** Directions for this task **
Everything below from the line with "Дома жилого квартала" through the line with "Delicate Pink Cherry" should be copied exactly, and nothing else; leave out the pictures.

(Input records begins)

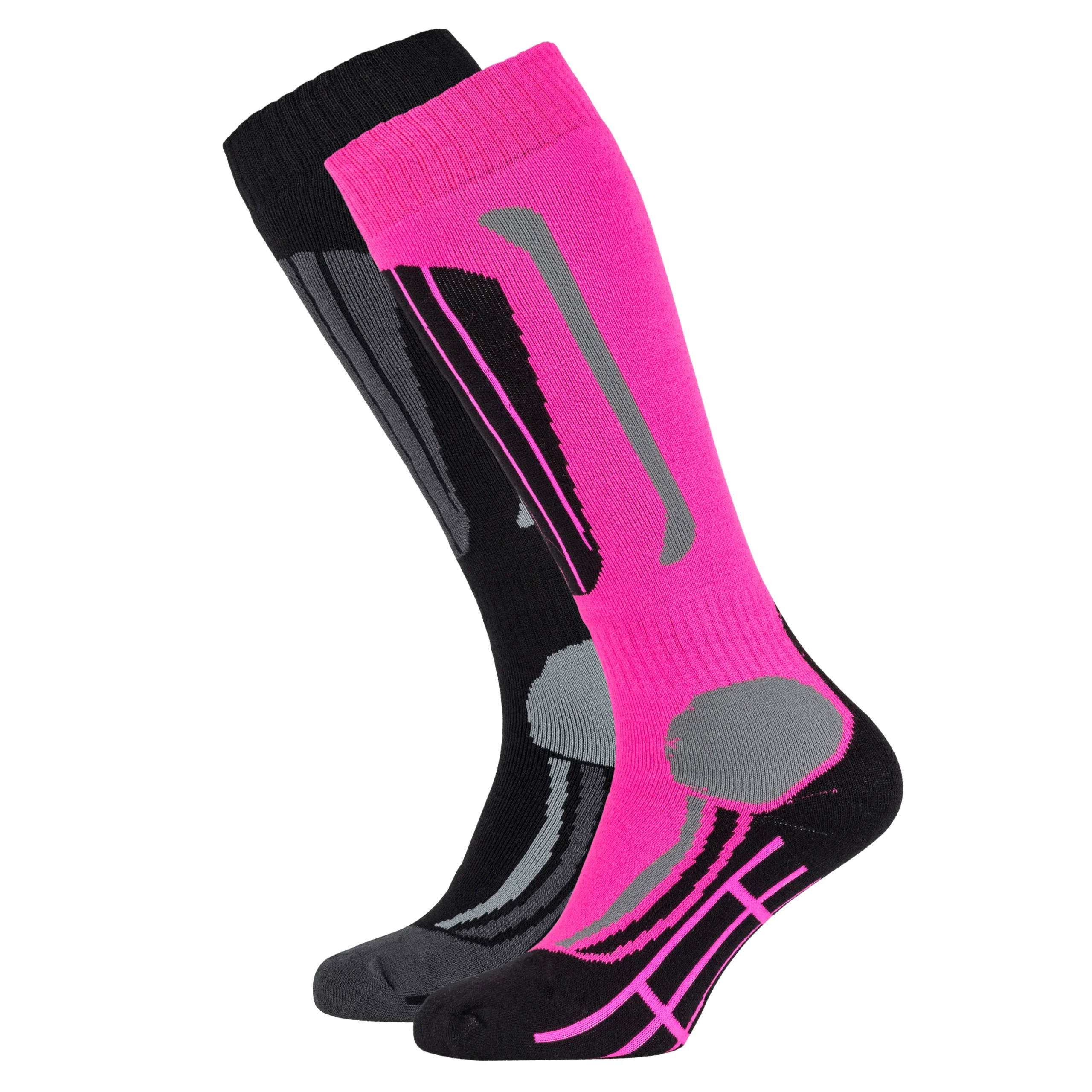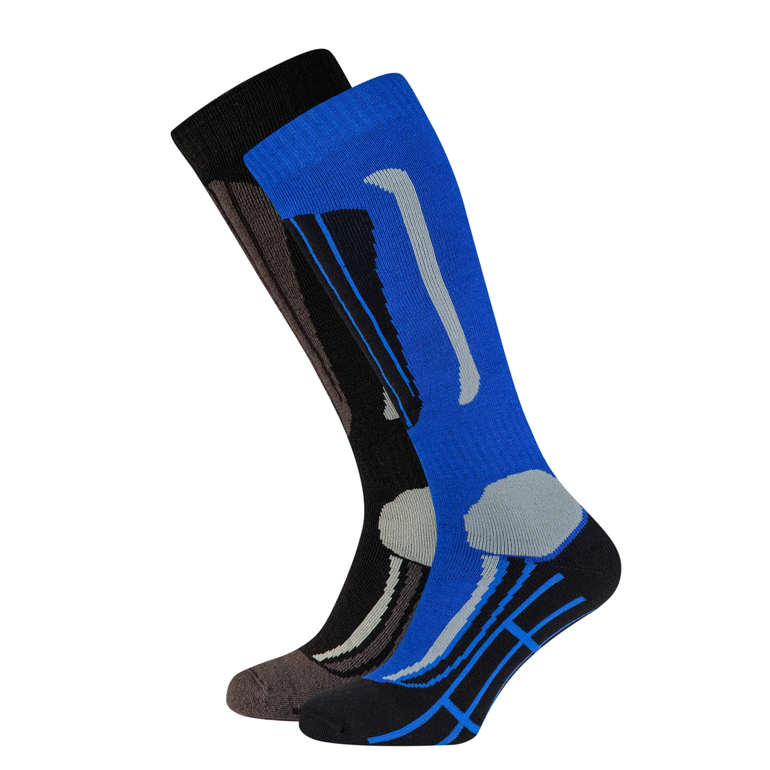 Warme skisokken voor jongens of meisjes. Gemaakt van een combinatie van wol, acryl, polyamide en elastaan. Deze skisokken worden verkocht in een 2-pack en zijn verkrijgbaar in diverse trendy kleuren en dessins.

(Input records ends)
(Input records begins)

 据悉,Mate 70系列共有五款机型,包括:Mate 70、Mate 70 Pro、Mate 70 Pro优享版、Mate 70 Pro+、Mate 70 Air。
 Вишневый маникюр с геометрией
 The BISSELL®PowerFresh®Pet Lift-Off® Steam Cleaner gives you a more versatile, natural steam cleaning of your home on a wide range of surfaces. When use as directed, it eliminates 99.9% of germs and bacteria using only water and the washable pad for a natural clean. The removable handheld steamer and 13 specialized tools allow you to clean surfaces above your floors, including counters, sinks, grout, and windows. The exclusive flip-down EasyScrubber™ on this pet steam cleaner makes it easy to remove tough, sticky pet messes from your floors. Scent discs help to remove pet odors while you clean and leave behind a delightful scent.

(Input records ends)
(Input records begins)

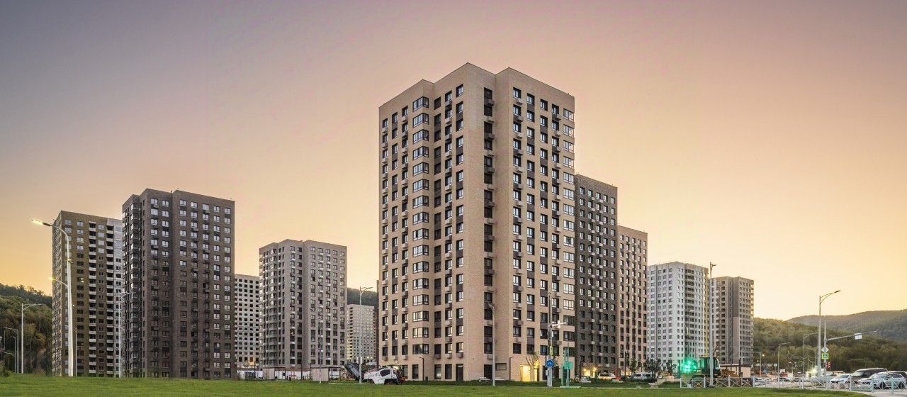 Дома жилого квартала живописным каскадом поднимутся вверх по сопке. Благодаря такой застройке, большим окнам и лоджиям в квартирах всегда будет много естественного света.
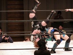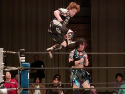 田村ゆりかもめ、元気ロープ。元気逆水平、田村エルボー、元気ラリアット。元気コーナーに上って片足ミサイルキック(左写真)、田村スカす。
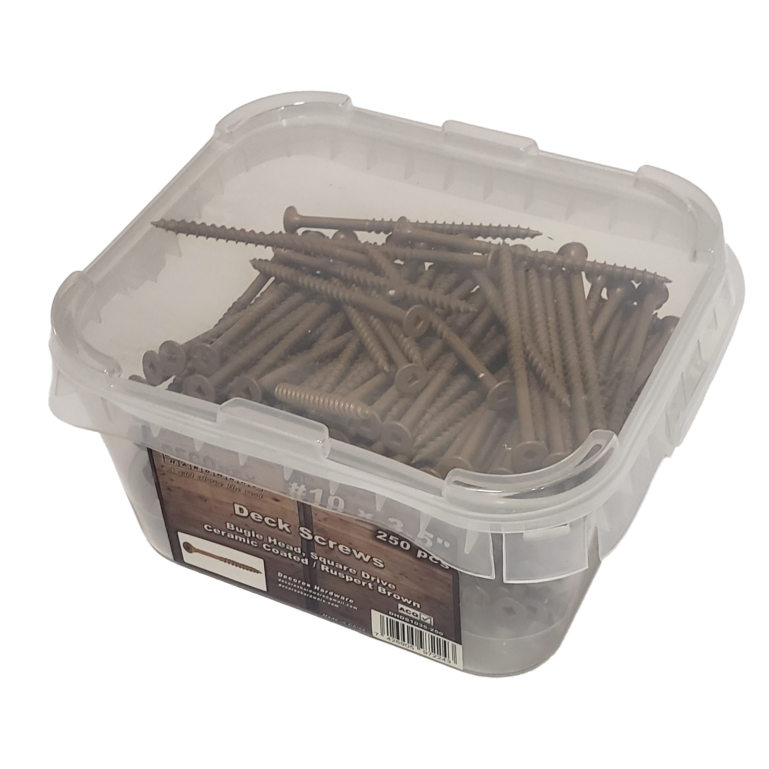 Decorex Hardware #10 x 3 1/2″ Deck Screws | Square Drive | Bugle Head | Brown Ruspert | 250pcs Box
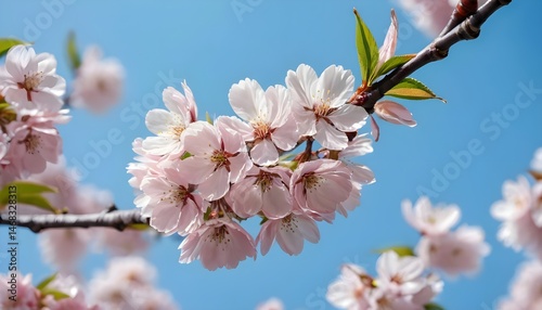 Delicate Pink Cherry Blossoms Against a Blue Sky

(Input records ends)

** Response below **
 Дома жилого квартала живописным каскадом поднимутся вверх по сопке. Благодаря такой застройке, большим окнам и лоджиям в квартирах всегда будет много естественного света.
 田村ゆりかもめ、元気ロープ。元気逆水平、田村エルボー、元気ラリアット。元気コーナーに上って片足ミサイルキック(左写真)、田村スカす。
 Decorex Hardware #10 x 3 1/2″ Deck Screws | Square Drive | Bugle Head | Brown Ruspert | 250pcs Box
 Delicate Pink Cherry Blossoms Against a Blue Sky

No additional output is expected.